Now, the function basically takes in a character array of a fixed size, and generates an output array also of a known size (4 x input_size/3). The sizes are important to know, because the compiler needs to know how many bytes to transfer over the CPU<->GPU link. (Side note - if you dont specify those sizes clearly, the compiler will throw - Accelerator restriction: size of the GPU copy of output is unknown) We need to copy over the input array from the CPU to the GPU - or, Host and Device respectively in CUDA terminology. Sometimes, OpenACC documentation refers to the CPU as ‘Self’ and GPU as ‘Device’. And when it is done processing, we must copy the output array back to the CPU. And, the base64_LUT is a common array used by all threads. So, that too will need to be on the GPU. So thats the basic data movement defined right there that you should aim to isolate first. “Whats my input? Whats my output?”

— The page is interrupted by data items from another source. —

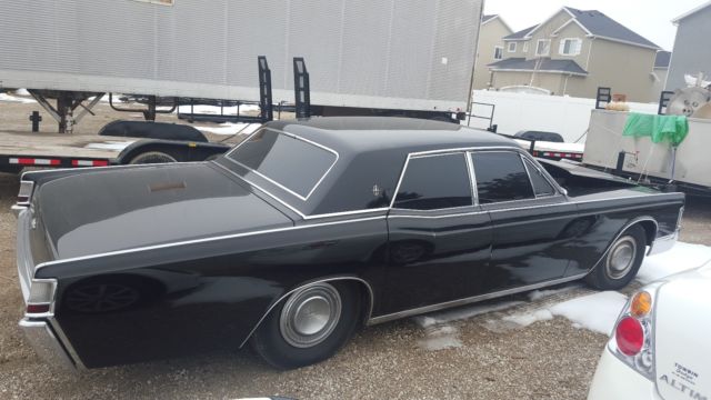 This is a 1969 Lincoln Continental which is the last year of the suicide doors. It was a little old couple that owned it for the first 40 years of its life. The second owner then bought it and shaved the door handles and put poppers on it. He only owned it a couple years and then sold it to me. It was going to be a project for my son and I but times have gotten tough and it needs to go. The car is super straight and nice with all the trim pieces and molding. It just needs the paint redone since it was a lead paint and has cracked with age, but the car has no bondo or any body filler at all. The interior is in great condition besides the drivers seat which will need to be recovered. The windows and everything work as well but the switches in the drivers door could beresolder. The engine and transmission have recently beengone through and are in perfect condition. I daily drove the car on trips and every day needs for over a year tell about a month ago when I decided to get something better on gas mileage. If you have any questions or would like to see more pictures please email me at kyle67camaro@gmail.com call or text me at 801-726-0771 Thank you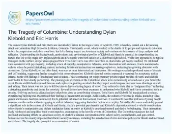 This essay about Dylan Klebold and Eric Harris examines the factors that led to the Columbine High School massacre on April 20, 1999. It explores their psychological profiles, with Harris displaying psychopathic traits and Klebold struggling with severe depression. The essay discusses their feelings of social alienation and the meticulous planning of their attack, highlighting how bullying and mental health issues contributed to their actions. It also addresses the broader impact of the Columbine tragedy on American society, including changes in school safety policies, mental health awareness, and the ongoing effort to prevent similar incidents. The essay underscores the importance of addressing bullying and mental health to prevent future tragedies.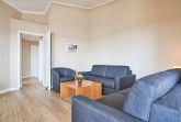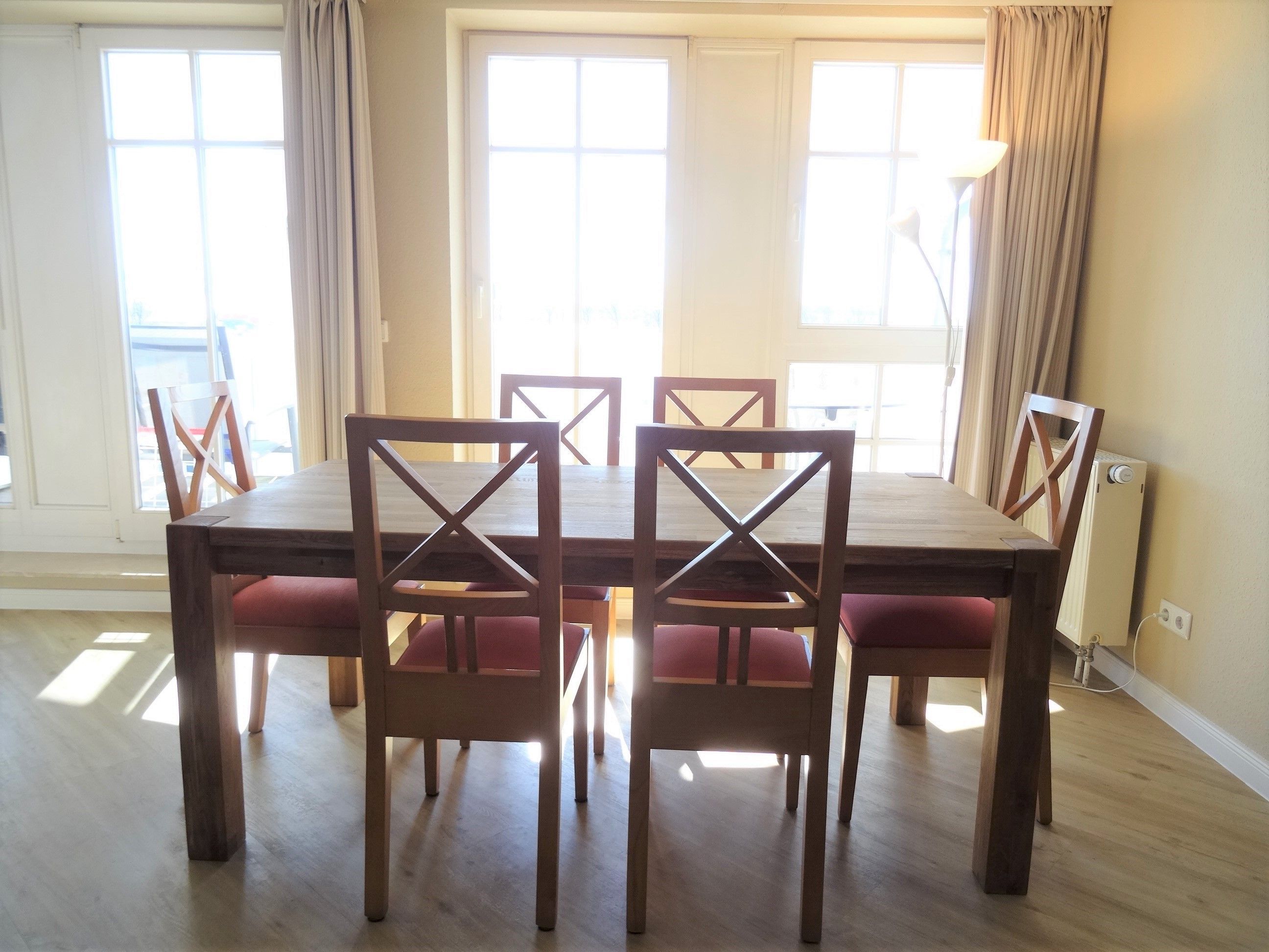 Zur weiteren Ausstattung gehören ein Flachbildfernseher, eine Kaffeemaschine (Filter), eine Mikrowelle, ein Geschirrspüler und Bettwäsche, die bereits im Preis inkludiert ist. Für gemütliche Abende steht ein Balkon zur Verfügung und die offene Wohnküche lädt zum gemeinsamen Kochen ein. Auch ein Fahrradkeller sowie ein WLAN-Anschluss sind vorhanden. Gäste können zudem kostenfrei die Sky-Sender auf dem Fernseher nutzen und sich in der Badewanne entspannen. Ein Tiefgaragenstellplatz kann gegen Aufpreis genutzt werden und für frische Brötchen am Morgen sorgt der Brötchenservice.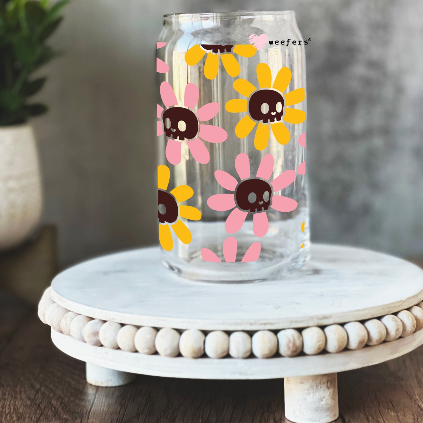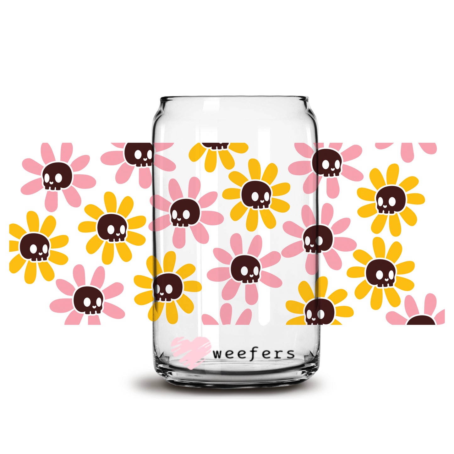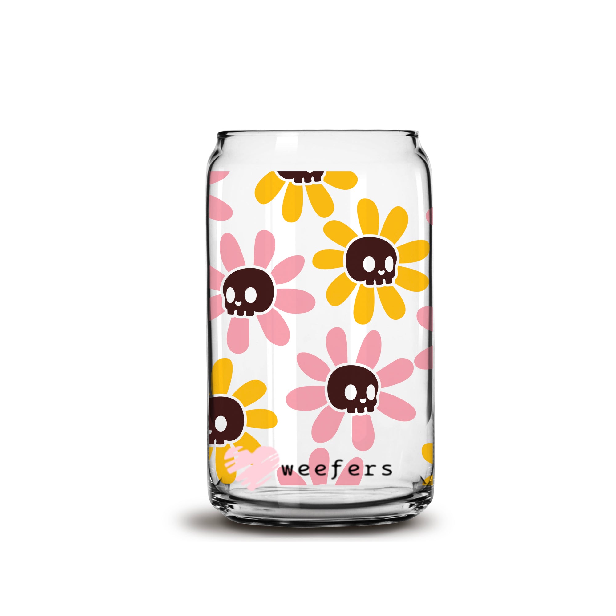 Orange and Pink Flower Skulls 16oz Libbey Glass Can UV DTF or Sublimation Wrap - Decal
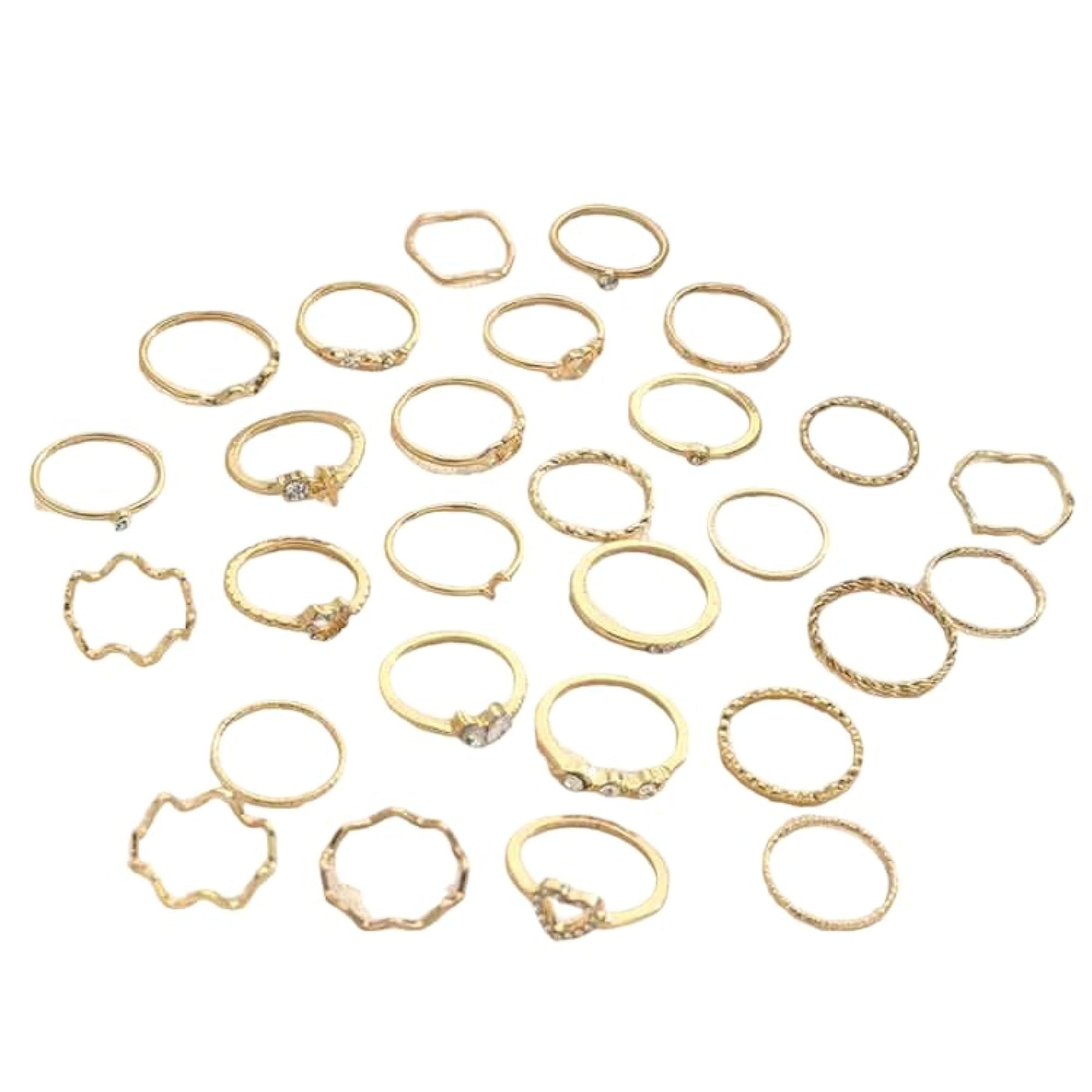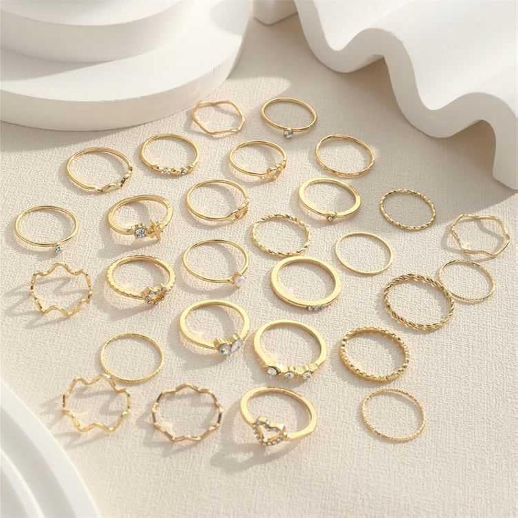Elevate your look with this set of 28 stacking rings featuring trendy geometric designs. Each ring is plated for a luxurious finish.

That for (i=0.. loop can be parallelized to operate on chunks of the input in parallel. But, hang on. The next thing I’d like to draw your attention to is - data dependence between loop iterations. What? Where? Well, if you take a closer look at how we’re updating the output array, you’ll quickly realize that j++ implies that you rely on the previous value of j - i.e. the previous iteration. Why is that a problem? Well, for us to run the conversion in parallel, each thread must know its input index and output index without communicating with other threads. Because, if it needed to, that’ll defeat the purpose of parallelization - thats as good as sequential CPU code. So, thats the first thing that needs fixing. Dont worry, the compiler will warn you about this, but it helps to develop what I like to call dependence vision - the ability to “see” the data dependence. That’ll help you with complex code bases where things are not so obvious. Moral of the story: Try to code in a way that keeps the array indices independent of the previous loop iteration, and hopefully dependent on only the current iteration

Going further, the decoded_octets variable is used as a scratch variable to hold 4 values that we eventually push to the output array. This means, each iteration of the loop uses it for itself - something we need to tell the compiler. This is a private variable for each iteration, or each parallel thread.

Because we’re dealing with pointers to access data arrays, there is an additional complication - but I’ll get to that later.

Armed with this non-zero knowledge of not-so-hidden parallelism in the program, we will now use OpenACC directives to express these ideas of parallelism and data movement.

Lets look at the #pragmas required to express this parallelism. I’ve also added some crude instrumentation to measure the elapsed time for the function as a whole.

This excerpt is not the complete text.